A supply chain transforms raw materials into products that are sold to customers through a distribution system consisting of wholesalers and retailers. According to consultant Kevin McCormack and Samford University professor Archie Lockamy III, maturity is the extent to which a process is "defined, managed, measured and controlled." A higher level of maturity implies control, predictability and effectiveness. The five stages of supply-chain maturity are ad hoc, defined, linked, integrated and extended.
Start-ups and newer businesses are usually in the ad hoc stage of supply-chain maturity, where management practices are unstructured and measurement processes are not in place. Supply chain performance is unpredictable, which makes it difficult to set and meet performance targets. Management costs are high because of poorly defined processes and lack of integration, which also leads to low customer satisfaction levels.
In the defined stage, supply chain management processes are more structured and documented. The performance is more predictable, which makes planning somewhat easier. Management costs continue to be high because integration remains poor. Competing goals among supply chain members makes cooperation difficult. Customer satisfaction is improved but still weak. Companies that have started to build supply chain relationships after being in business for a few years are usually in the defined stage of supply-chain maturity.
As companies mature and establish stronger relationships with their supply chain partners, there is more cooperation, and the “functional silos” of earlier stages start to break down. The linked stage, according to McCormack and Lockamy, represents the breakthrough level for a business. Supply chain management is strategic, with clearly defined structures and roles. Performance is more predictable and measurable, which allows management to set targets and improve processes.
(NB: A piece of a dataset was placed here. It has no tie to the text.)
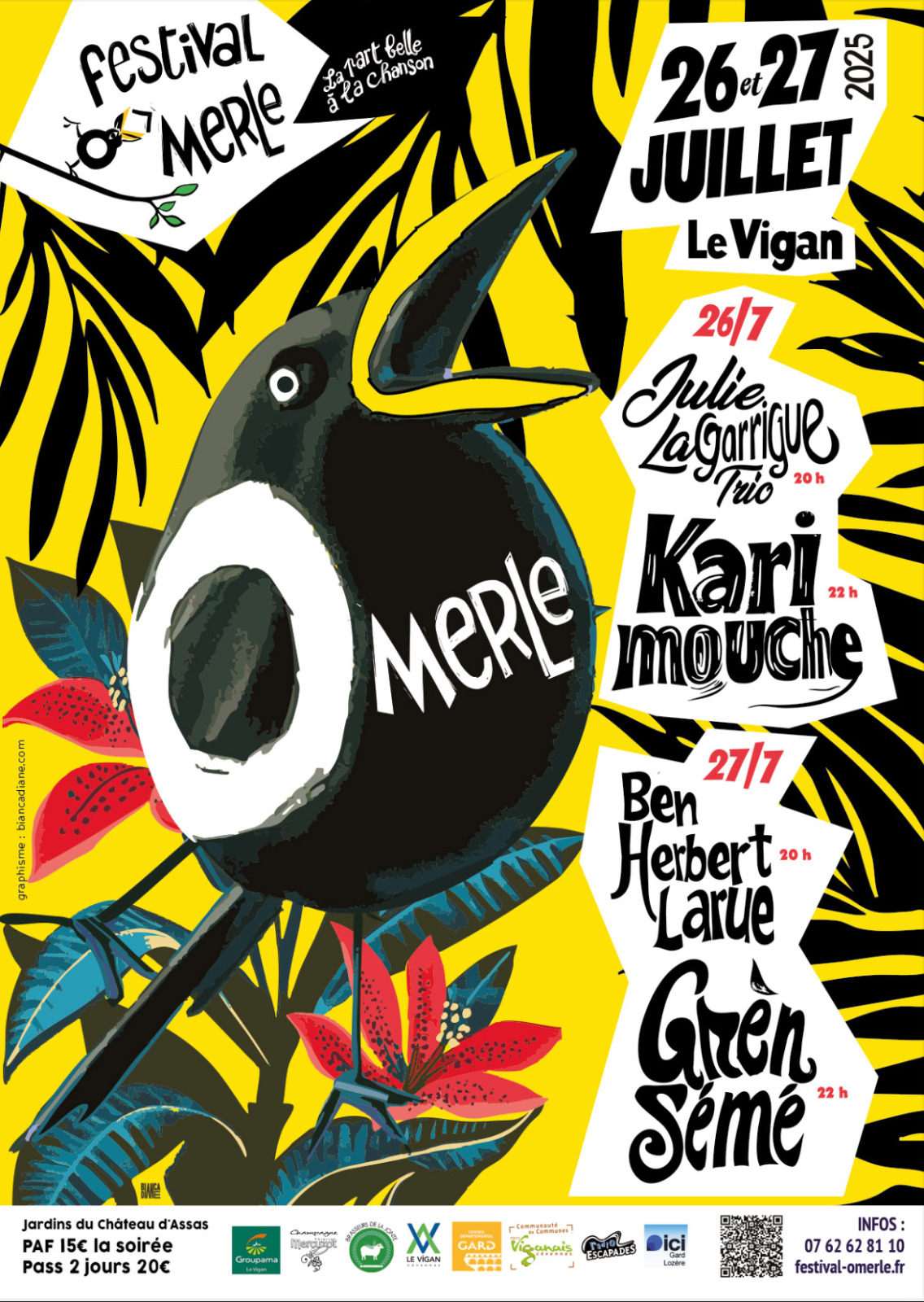Cette année encore, l’équipe du Festival Ô Merle à le plaisir de vous accueillir pour la 14ème édition du festival dans les jardins du Château d’Assas au Vigan !
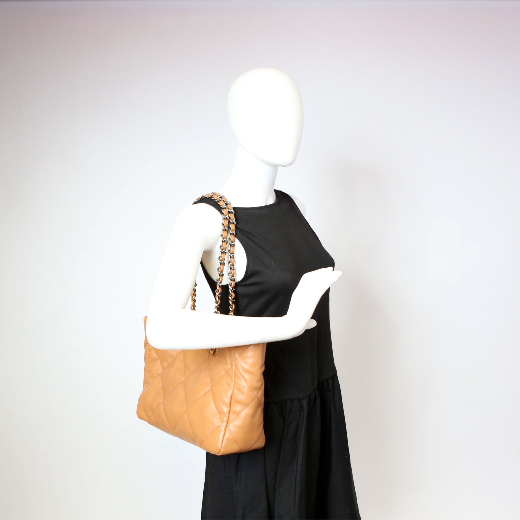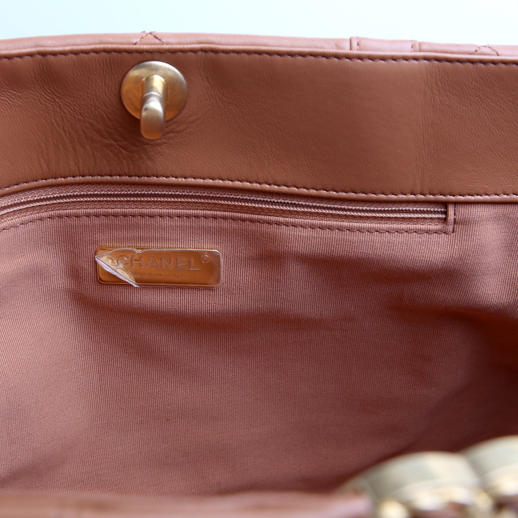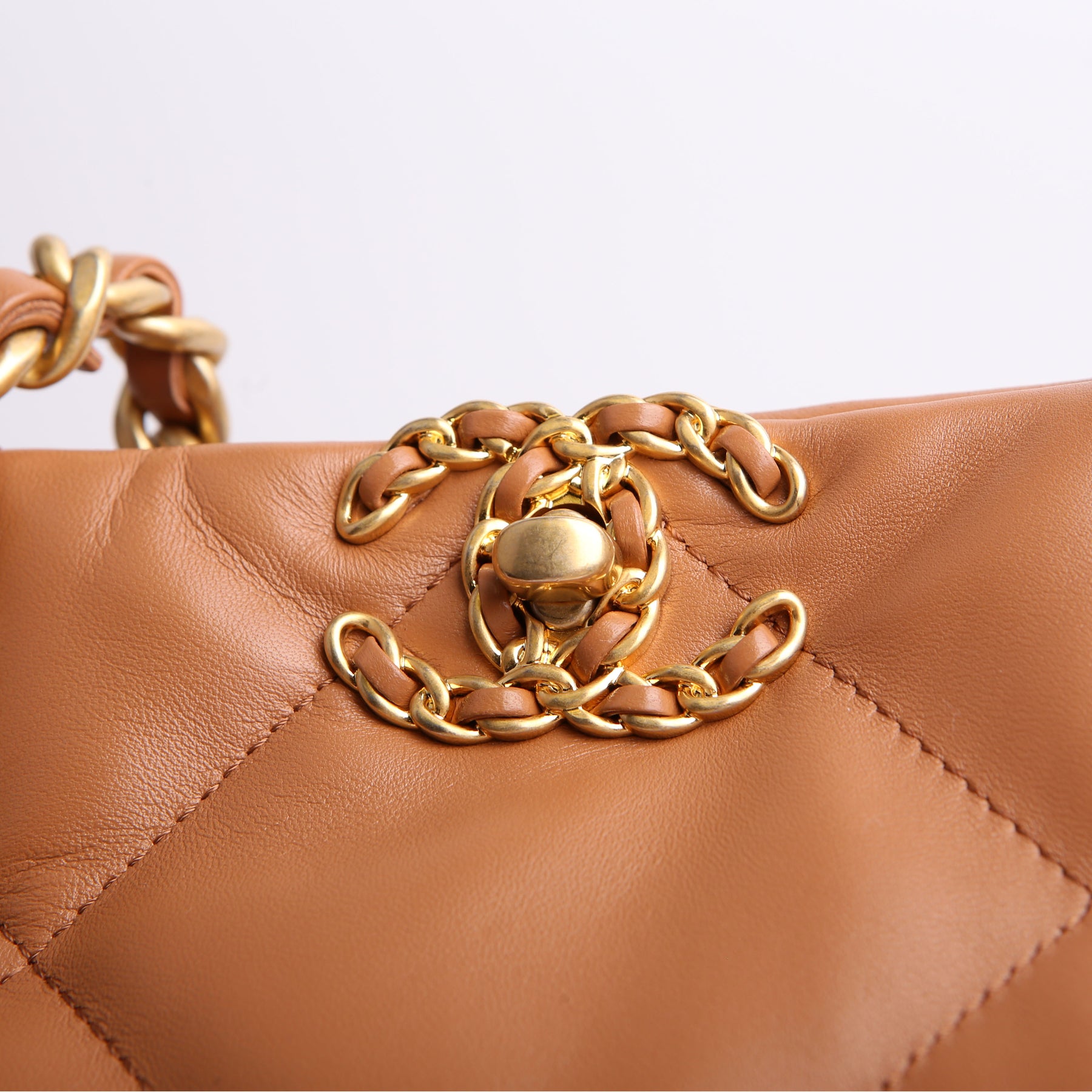 Chanel 19 Quilted Goatskin East/West Shopping Tote Tan

Customer satisfaction improves in the linked stage.
The supply chain is integrated in the integrated stage. Procedures are well-defined in the entire supply chain. Measurement and management systems are more comprehensive, including advanced forecasting and production planning. Performance targets and process improvement goals are set and achieved, which reduces supply chain management costs and improves customer satisfaction. Established companies with long-term supplier and customer relationships are generally in the integrated stage of supply-chain maturity.
The extended stage involves multi-firm supply chains competing with one another. For example, retailers Wal-Mart and Sears are at the center of extended supply chains, with multiple firms working together in a customer-focused manner. Collaboration, trust and mutual dependency hold extended supply chains together, according to McCormack and Lockamy. Firms often make process improvement investments jointly, which makes the supply chain reliable and efficient.